Let's write the expression as:

[MATH]\frac{(x-a)(x-b)}{(a-c)(b-c)}-\frac{(x-a)(x-c)}{(a-b)(b-c)}+\frac{(x-b)(x-c)}{(a-b)(a-c)}[/MATH]
Now, we see the LCD is [MATH](a-b)(a-c)(b-c)[/MATH]
Hence, we get:

[MATH]\frac{(x-a)(x-b)(a-b)-(x-a)(x-c)(a-c)+(x-b)(x-c)(b-c)}{(a-b)(a-c)(b-c)}[/MATH]
What do you get when you expand the numerator, and collect like terms?

 

[Mi0]

You get (a^2b−a^2c−ab^2+ac^2+b^2c−bc^2)/(a-b)(a-c)(b-c)

 

[MarkFL]

Let's just work with the numerator for now...you correctly obtained:

[MATH]a^2b−a^2c−ab^2+ac^2+b^2c−bc^2[/MATH]
Now, what do you get when you expand the denominator?

 

[Mi0]

a^b−a^2c−ab^2+ac^2+b^2c−bc^2

 

[MarkFL]

I think you meant:

[MATH]a^2b−a^2c−ab^2+ac^2+b^2c−bc^2 [/MATH]
And this is correct. So what does the entire rational expression reduce to?

 

[Mi0]

Ah I see it is 1. Thank you very much sir

 

[lookagain]

(x−a)(x−b)/(c−b)(c−a)+(x−a)(x−c)/(b−a)(b−c)+(x−b)(x−c)/(a−b)(a−c)
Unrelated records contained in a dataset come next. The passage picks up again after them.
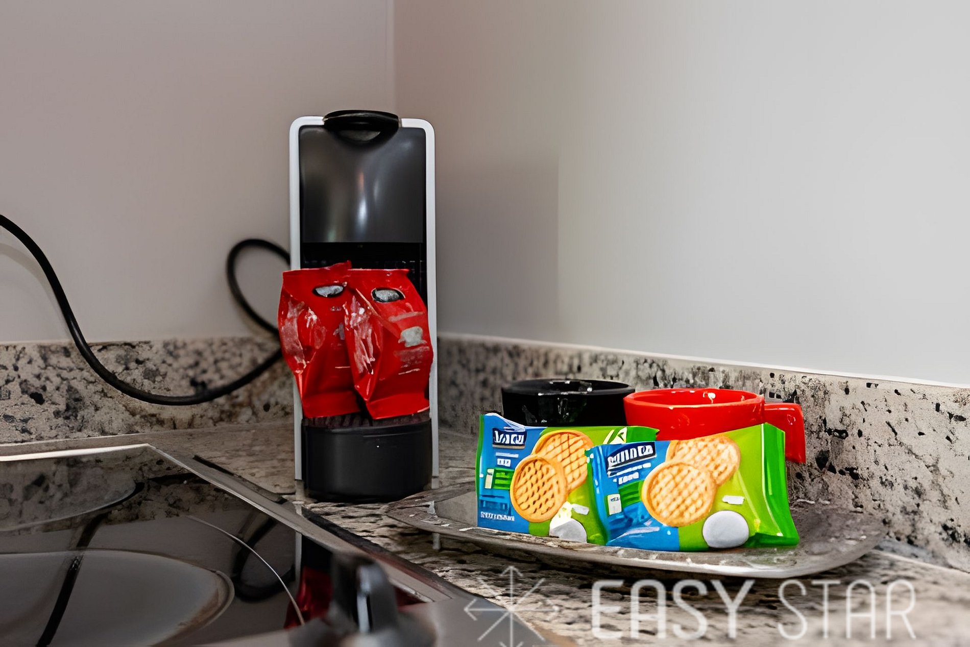 Encontrará una cocina compacta y completamente equipada con todos los utensilios necesarios para hacer su estancia cómoda y agradable. Incluye microondas, minibar, cocina de dos hornallas, ollas y una cafetera eléctrica, lo que le permite preparar comidas o refrigerios en cualquier momento.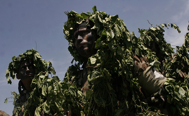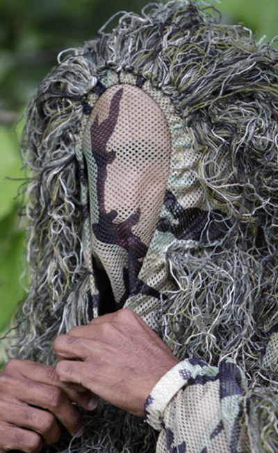 A man wears an Indian special forces camo suit during an international military defense exhibition in New Delhi on March 30, 2012. Photo: ifeng.com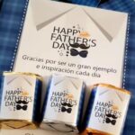 Taza cristal personalizada con 3 galletas o 3 polvorones en caja decorada.

MiO, for this and similar expressions written in horizontal style, you need added grouping symbols:

(x − a)(x − b)/[(c − b)(c − a)] + (x − a)(x − c)/[(b − a)(b − c)] + (x − b)(x − c)/[(a − b)(a − c)] =

[(x - a)(x - b)(a - b) - (x - a)(x - c)(a - c) + (x - b)(x - c)(b - c)]/[(a - b)(a - c)(b - c)] =

(a^2b − a^2c − ab^2 + ac^2 + b^2c − bc^2)/[(a - b)(a - c)(b - c)] =

(a^2b − a^2c − ab^2 + ac^2 + b^2c − bc^2)/(a^2b − a^2c − ab^2 + ac^2 + b^2c − bc^2) =

1